Blinkingly she scratched her slightly frowned forehead, briefly looking up, and nodded slowly, making a pretty sleepy impression as though she had not yet fully awaken from the asleep. While she gave another mild yawn that she hid with her hand, she gave the chair a twitch and collapsed into it, laying her hands on the table before her. “Good morning. Yeah, I doubt coffee would hurt. Black one, please. No milk, no sugar, just as pure as it can get,” grated she and looked round the kitchen, inspecting it in a way that however could only be called superficial. There were some minor headaches that made her wish to just close her eyes again, but she tried to disregard them as well as she was able to.
Him mentioning their planned trip to the camp was followed by a silent sigh from Elena. It wasn’t a sigh of reluctance she uttered there, but one of uncertainty, and for a moment it was as though somebody had pushed all the air remaining out of her lungs. She couldn’t help but conceive how it would feel like to stand in the middle of a group of young orphans, all looking up to her with an expectant look. The terror of all those big eyes of little people glaring at her was all she could imagine about it right now. How much would it remind her of terrible things, she wondered. Hell, it already now reminded her of terrible things, now that she kept thinking about it. All those high, clear voices, she could almost imagine to already hear them now, as she sat in the kitchen and took a nip of the coffee Doc had shoved over the table to her side. Absentminded as she was, she didn’t even realize she had burned her tongue.
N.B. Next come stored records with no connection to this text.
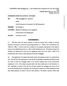 CIBC Mortgages Inc. v. York Condominium Corporation No. 385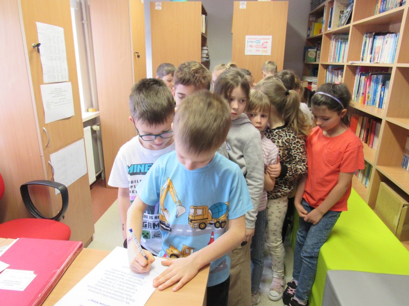 14 stycznia 2026 roku był wyjątkowym dniem dla uczniów klasy pierwszej szkoły podstawowej. W obecności swojej wychowawczyni pani Doroty Łaskawskiej zostali oni oficjalnie przyjęci do grona czytelników biblioteki szkolnej i uroczyście pasowani na czytelnika. Uczniowie poznali bibliotekę i jej zbiory, regulamin biblioteki i pięknie zapamiętali ,,Prośby książek" przedstawione przez bibliotekarza. Punktem kulminacyjnym tej bibliotecznej uroczystości było złożenie przez pierwszaków przyrzeczenia czytelniczego oraz pasowanie. W tym dniu wypożyczyli pierwszą książkę. Spotkanie to miało przypomnieć najmłodszym o potrzebie korzystania z biblioteki, zachęcić do czytania, aby poszerzać wiedzę oraz poznawać piękne postacie literackie.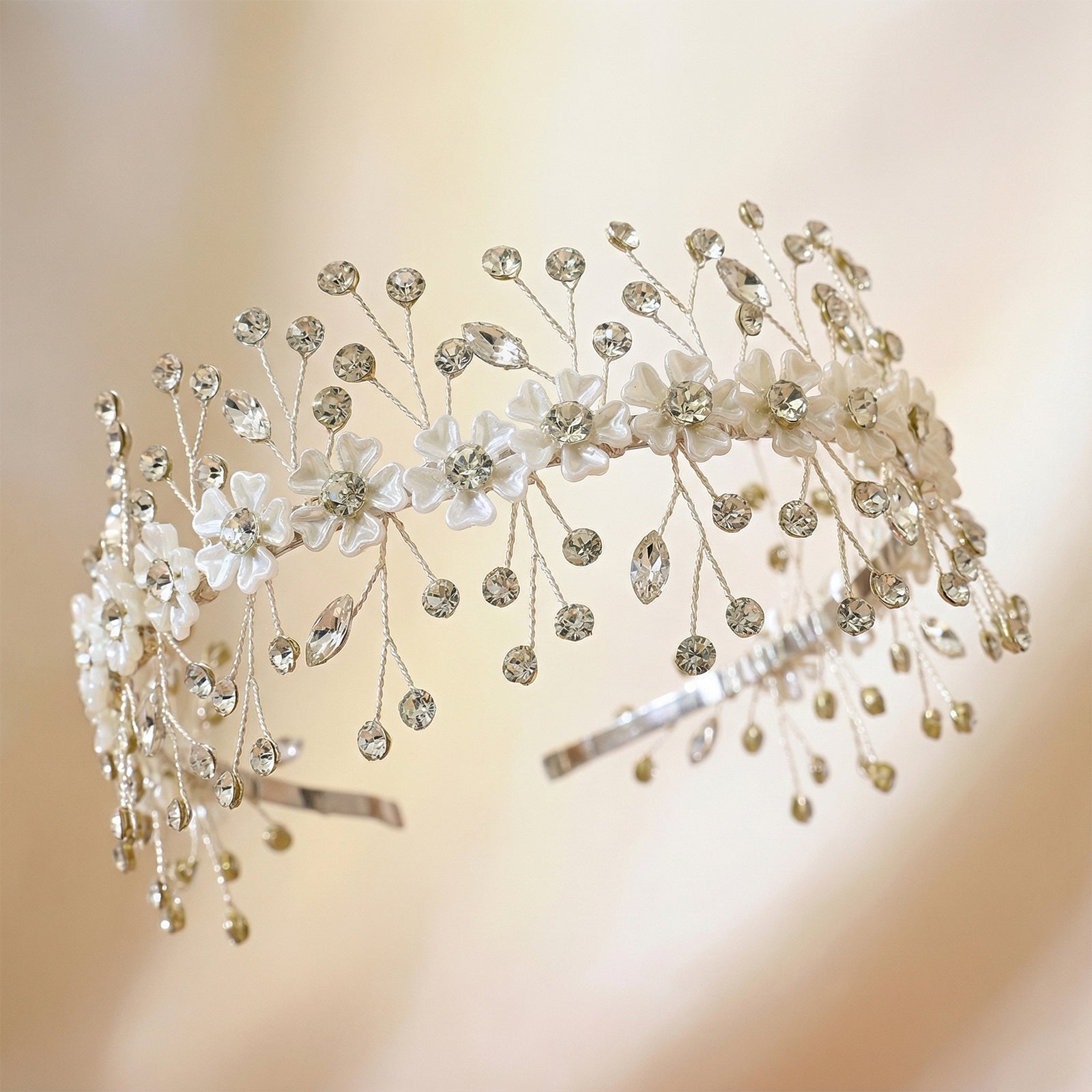Elevate your look with this silver rhinestone and flower headband, perfect for weddings, proms, and special occasions.
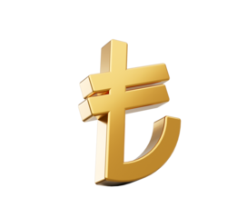 Gold Turkish Lira sign isolated on white background 3D illustration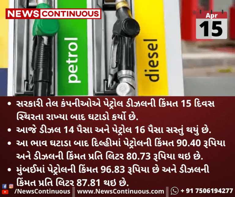 આજે ડીઝલ 14 પૈસા અને પેટ્રોલ 16 પૈસા સસ્તું થયું છે.

The lump in her throat that had slowly approached during her cogitations gave her a clear signal, that she should stop to ponder about anything concerning those children, pronto. So she shook and scratched her head and looked at Doc. “Sorry, I was thinking about something just now,” she said with an apologetic voice, and slightly blew on the coffee to cool it off. She managed a minor smile. “Say, how far away is that settlement you have been talking about? I mean, how much of a long walk is it gonna be?” Demonstratively she looked out of a window and weighed her head slightly. “Because if there’s one thing I really can’t stand at all, it’s snow. So the less we got to walk through it, the gladder I’d actually be.” She hesitated for a moment as she thought about that camp. A gruesome thought came to her. “Also, uhm, do they even have a roof over their heads? You told me they live under quite the miserable conditions. I seriously hope it’s not as bad as my imagination suggests?”
Unconsciously she bit her lips and fell into another state of quietness, taking a sip from her by now cooled off coffee, almost clasping at the cup and casually blowing up a strand of her blue hair that had fallen into her face. Then she looked down again. What had seemed nothing but cozy now made a virtually alien impression to her. What the hell was she doing here, on an estate she didn’t know, with a man she didn’t know either but from stories over the Neural Net? She couldn’t clearly say anymore how useful anything of what they had talked about and would talk about would prove to be useful in the end. The next time she would have a mental breakdown surely wasn’t far away anymore. She couldn’t really feel anything. She was just sitting there, staring dead ahead out of the window by now. The only thing she knew was that she was getting more fidgety again, as though unrest was bottling up more and more inside her anew.